Material provided:
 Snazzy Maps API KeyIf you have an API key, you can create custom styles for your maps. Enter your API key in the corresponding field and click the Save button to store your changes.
...
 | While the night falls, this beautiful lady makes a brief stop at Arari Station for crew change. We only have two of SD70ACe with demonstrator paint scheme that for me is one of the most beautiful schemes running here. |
---
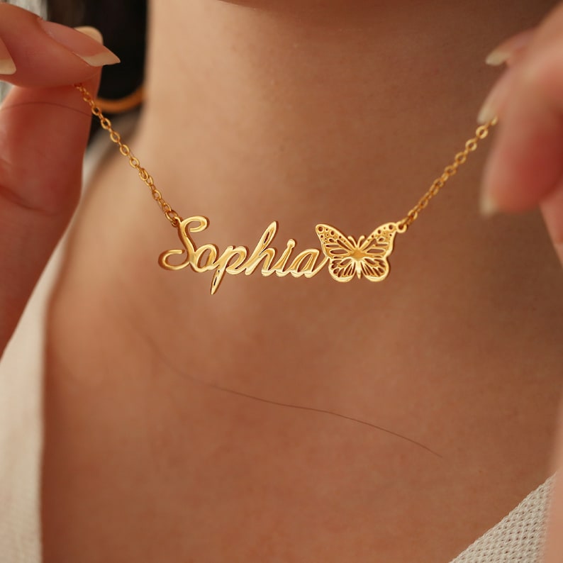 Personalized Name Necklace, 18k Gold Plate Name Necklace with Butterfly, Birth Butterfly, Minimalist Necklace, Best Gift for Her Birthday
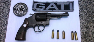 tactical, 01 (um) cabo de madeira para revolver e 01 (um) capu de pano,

Problem to solve: Go through the material line by line. Show each line that contains the string "have".

Written reply:
 Snazzy Maps API KeyIf you have an API key, you can create custom styles for your maps. Enter your API key in the corresponding field and click the Save button to store your changes.
 | While the night falls, this beautiful lady makes a brief stop at Arari Station for crew change. We only have two of SD70ACe with demonstrator paint scheme that for me is one of the most beautiful schemes running here. |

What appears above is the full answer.